▸ **Data supplied**
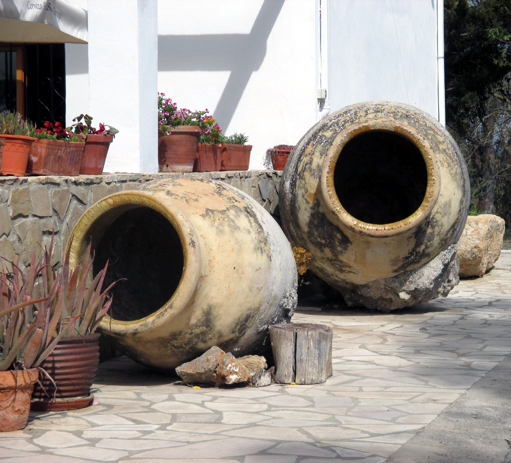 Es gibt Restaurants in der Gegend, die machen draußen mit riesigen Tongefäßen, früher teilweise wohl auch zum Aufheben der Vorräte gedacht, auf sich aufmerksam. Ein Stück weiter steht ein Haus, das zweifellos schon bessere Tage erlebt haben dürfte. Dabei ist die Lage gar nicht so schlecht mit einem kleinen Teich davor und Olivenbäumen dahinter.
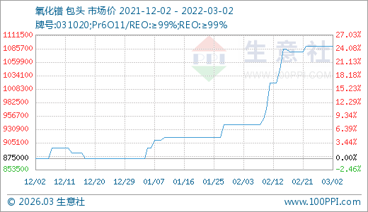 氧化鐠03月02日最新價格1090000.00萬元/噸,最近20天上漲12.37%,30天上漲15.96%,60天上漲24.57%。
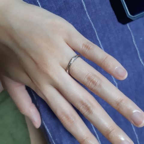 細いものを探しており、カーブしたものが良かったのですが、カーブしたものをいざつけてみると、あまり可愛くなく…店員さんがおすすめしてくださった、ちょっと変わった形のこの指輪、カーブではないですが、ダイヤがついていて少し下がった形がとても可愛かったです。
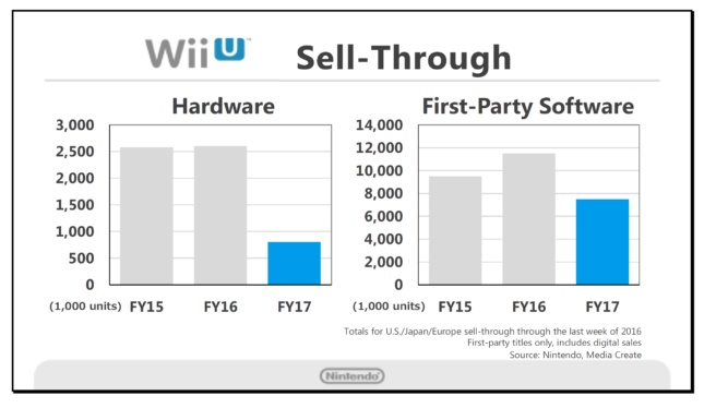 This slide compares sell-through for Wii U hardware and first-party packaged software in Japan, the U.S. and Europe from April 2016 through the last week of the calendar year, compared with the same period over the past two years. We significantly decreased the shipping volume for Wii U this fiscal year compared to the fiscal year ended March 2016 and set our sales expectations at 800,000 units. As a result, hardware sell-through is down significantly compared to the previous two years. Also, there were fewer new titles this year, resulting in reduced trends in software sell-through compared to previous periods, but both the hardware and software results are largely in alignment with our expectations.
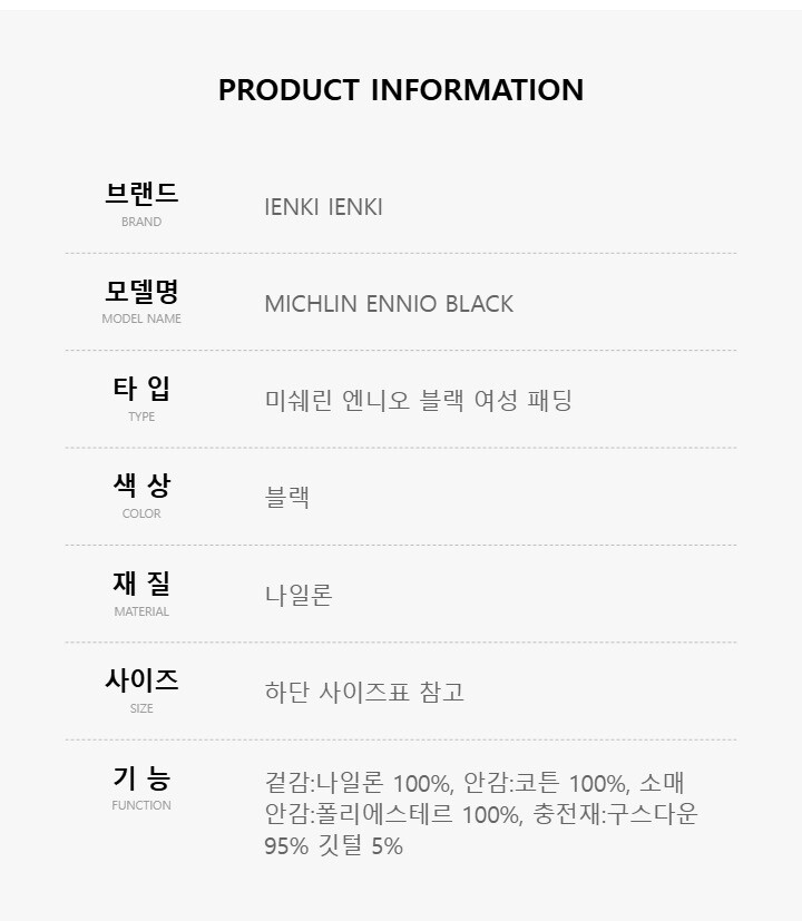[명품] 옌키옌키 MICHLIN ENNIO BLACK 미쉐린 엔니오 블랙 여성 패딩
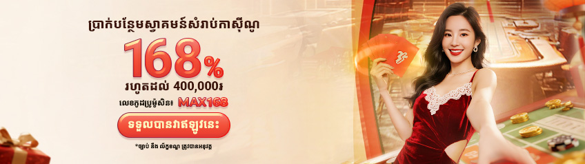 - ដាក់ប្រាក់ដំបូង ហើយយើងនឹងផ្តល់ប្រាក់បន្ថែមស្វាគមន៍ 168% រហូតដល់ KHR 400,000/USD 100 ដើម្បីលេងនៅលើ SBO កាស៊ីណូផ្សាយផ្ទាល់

==

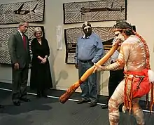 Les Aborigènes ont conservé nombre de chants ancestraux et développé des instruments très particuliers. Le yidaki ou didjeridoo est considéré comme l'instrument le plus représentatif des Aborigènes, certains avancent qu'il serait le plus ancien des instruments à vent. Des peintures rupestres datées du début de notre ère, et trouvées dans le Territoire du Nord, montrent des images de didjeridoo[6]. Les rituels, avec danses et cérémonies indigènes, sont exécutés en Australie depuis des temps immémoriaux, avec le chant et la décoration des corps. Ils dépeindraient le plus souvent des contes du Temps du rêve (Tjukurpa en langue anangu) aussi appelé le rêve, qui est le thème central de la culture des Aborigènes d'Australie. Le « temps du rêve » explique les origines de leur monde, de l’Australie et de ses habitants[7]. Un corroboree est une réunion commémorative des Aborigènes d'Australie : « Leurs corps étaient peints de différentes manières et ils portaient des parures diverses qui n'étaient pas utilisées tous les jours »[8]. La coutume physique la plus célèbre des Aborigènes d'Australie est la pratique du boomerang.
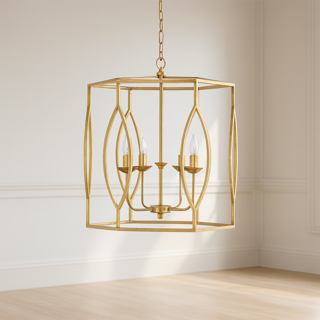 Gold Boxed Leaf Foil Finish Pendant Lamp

▸ **Your goal**
Using the data above, give again exactly the lines starting at the one holding "氧化鐠03月02日最新價格1" and ending at the one holding "- ដាក់ប្រាក់ដំបូង ហើយយើងនឹងផ្តល់ប្រាក់បន្ថែមស្វាគមន៍", inclusive, and nothing more. Omit the pictures.

▸ **Task output**
 氧化鐠03月02日最新價格1090000.00萬元/噸,最近20天上漲12.37%,30天上漲15.96%,60天上漲24.57%。
 細いものを探しており、カーブしたものが良かったのですが、カーブしたものをいざつけてみると、あまり可愛くなく…店員さんがおすすめしてくださった、ちょっと変わった形のこの指輪、カーブではないですが、ダイヤがついていて少し下がった形がとても可愛かったです。
 This slide compares sell-through for Wii U hardware and first-party packaged software in Japan, the U.S. and Europe from April 2016 through the last week of the calendar year, compared with the same period over the past two years. We significantly decreased the shipping volume for Wii U this fiscal year compared to the fiscal year ended March 2016 and set our sales expectations at 800,000 units. As a result, hardware sell-through is down significantly compared to the previous two years. Also, there were fewer new titles this year, resulting in reduced trends in software sell-through compared to previous periods, but both the hardware and software results are largely in alignment with our expectations.
[명품] 옌키옌키 MICHLIN ENNIO BLACK 미쉐린 엔니오 블랙 여성 패딩
 - ដាក់ប្រាក់ដំបូង ហើយយើងនឹងផ្តល់ប្រាក់បន្ថែមស្វាគមន៍ 168% រហូតដល់ KHR 400,000/USD 100 ដើម្បីលេងនៅលើ SBO កាស៊ីណូផ្សាយផ្ទាល់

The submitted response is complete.